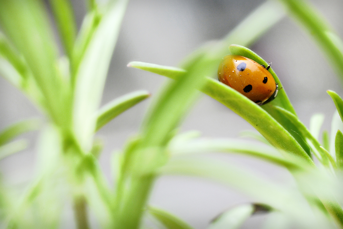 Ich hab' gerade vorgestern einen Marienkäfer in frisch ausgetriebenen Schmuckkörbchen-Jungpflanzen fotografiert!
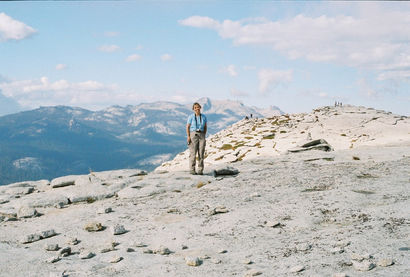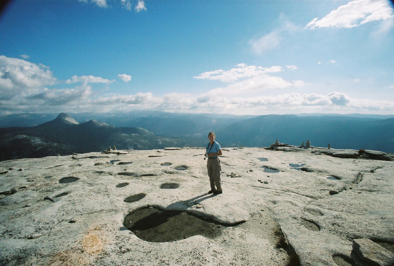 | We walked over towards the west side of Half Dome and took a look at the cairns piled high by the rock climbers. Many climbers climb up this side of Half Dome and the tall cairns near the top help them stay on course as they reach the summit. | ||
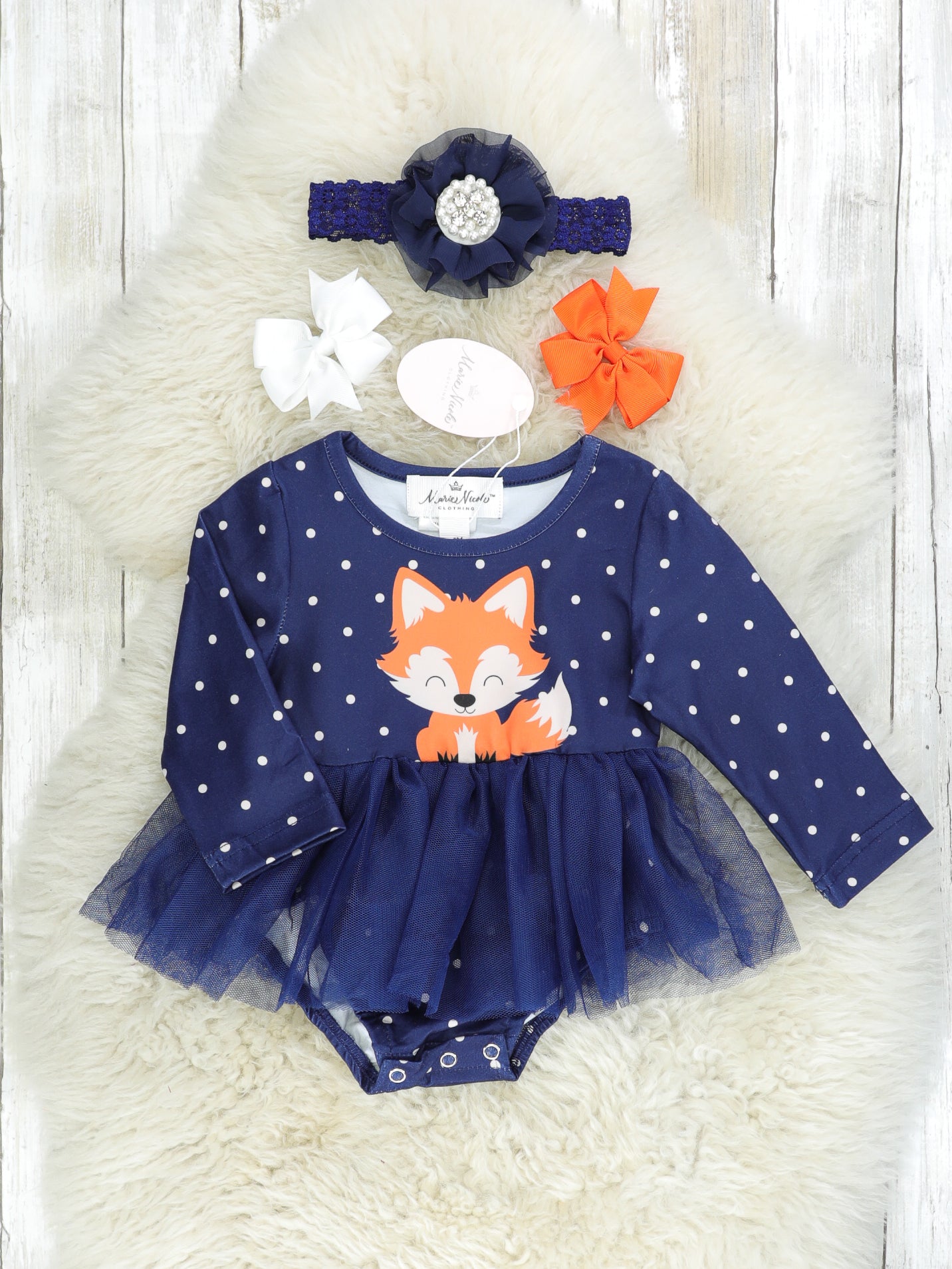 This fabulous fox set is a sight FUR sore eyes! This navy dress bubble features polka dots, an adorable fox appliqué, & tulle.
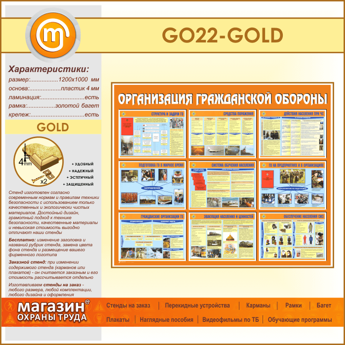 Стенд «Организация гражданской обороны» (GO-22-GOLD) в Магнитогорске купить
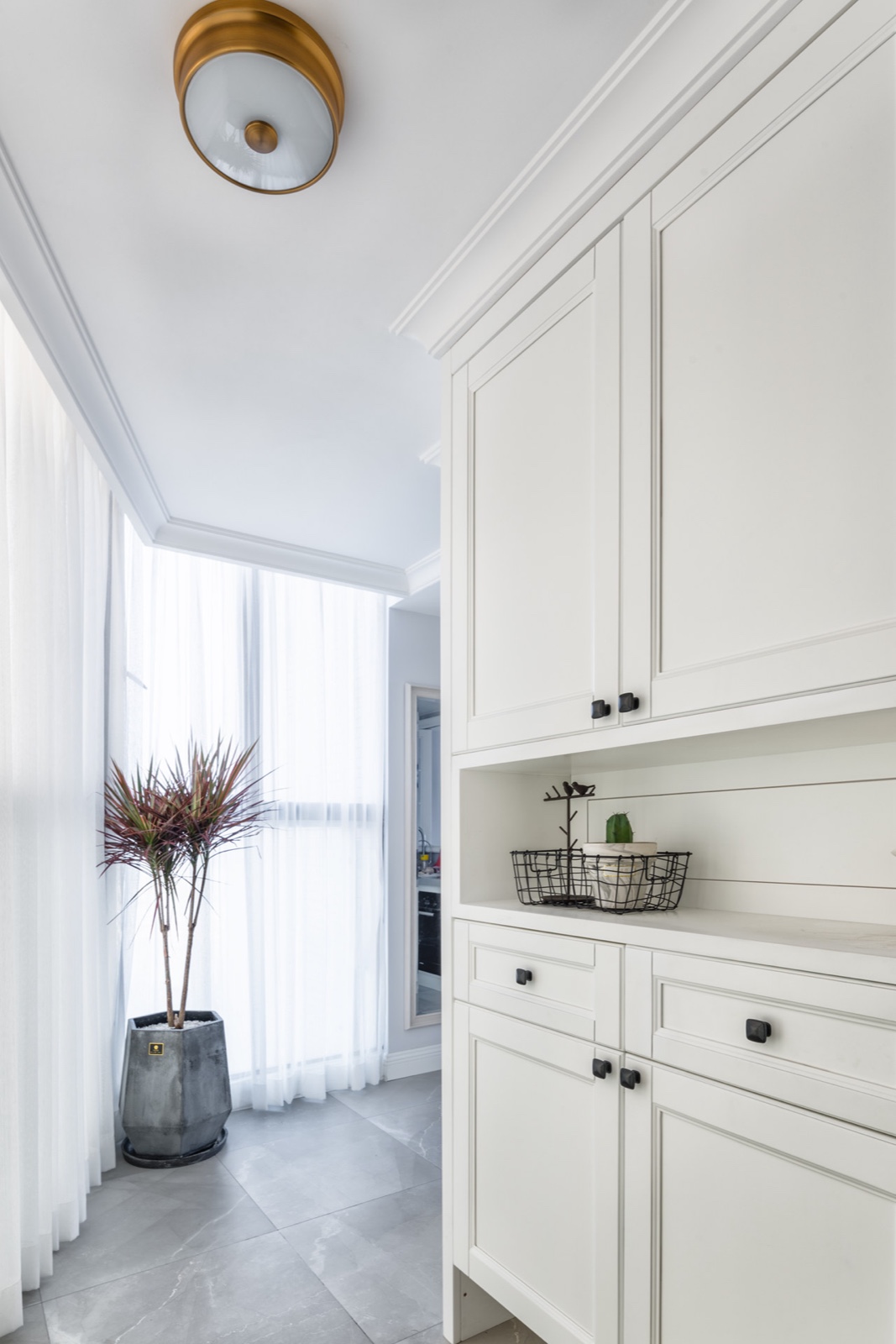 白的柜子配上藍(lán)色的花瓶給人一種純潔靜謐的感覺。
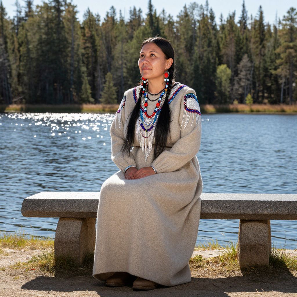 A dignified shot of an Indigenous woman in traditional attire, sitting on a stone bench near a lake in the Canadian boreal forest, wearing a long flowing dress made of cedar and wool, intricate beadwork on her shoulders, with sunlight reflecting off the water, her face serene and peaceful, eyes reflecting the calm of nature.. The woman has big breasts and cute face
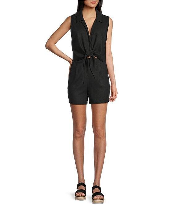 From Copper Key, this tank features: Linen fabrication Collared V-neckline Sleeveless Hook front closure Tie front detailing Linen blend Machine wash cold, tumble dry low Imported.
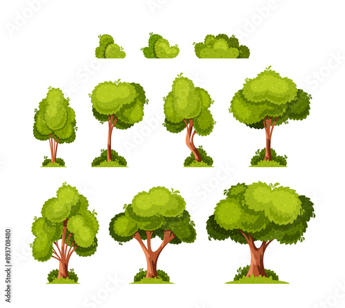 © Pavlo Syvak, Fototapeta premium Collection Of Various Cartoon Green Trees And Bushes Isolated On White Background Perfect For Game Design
==================================================
[Description of the task]
Transcribe every entry exactly, leaving out the pictures.

[Answer space]
 Ich hab' gerade vorgestern einen Marienkäfer in frisch ausgetriebenen Schmuckkörbchen-Jungpflanzen fotografiert!
 | We walked over towards the west side of Half Dome and took a look at the cairns piled high by the rock climbers. Many climbers climb up this side of Half Dome and the tall cairns near the top help them stay on course as they reach the summit. | ||
 This fabulous fox set is a sight FUR sore eyes! This navy dress bubble features polka dots, an adorable fox appliqué, & tulle.
 Стенд «Организация гражданской обороны» (GO-22-GOLD) в Магнитогорске купить
 白的柜子配上藍(lán)色的花瓶給人一種純潔靜謐的感覺。
 A dignified shot of an Indigenous woman in traditional attire, sitting on a stone bench near a lake in the Canadian boreal forest, wearing a long flowing dress made of cedar and wool, intricate beadwork on her shoulders, with sunlight reflecting off the water, her face serene and peaceful, eyes reflecting the calm of nature.. The woman has big breasts and cute face
 From Copper Key, this tank features: Linen fabrication Collared V-neckline Sleeveless Hook front closure Tie front detailing Linen blend Machine wash cold, tumble dry low Imported.
 © Pavlo Syvak, Fototapeta premium Collection Of Various Cartoon Green Trees And Bushes Isolated On White Background Perfect For Game Design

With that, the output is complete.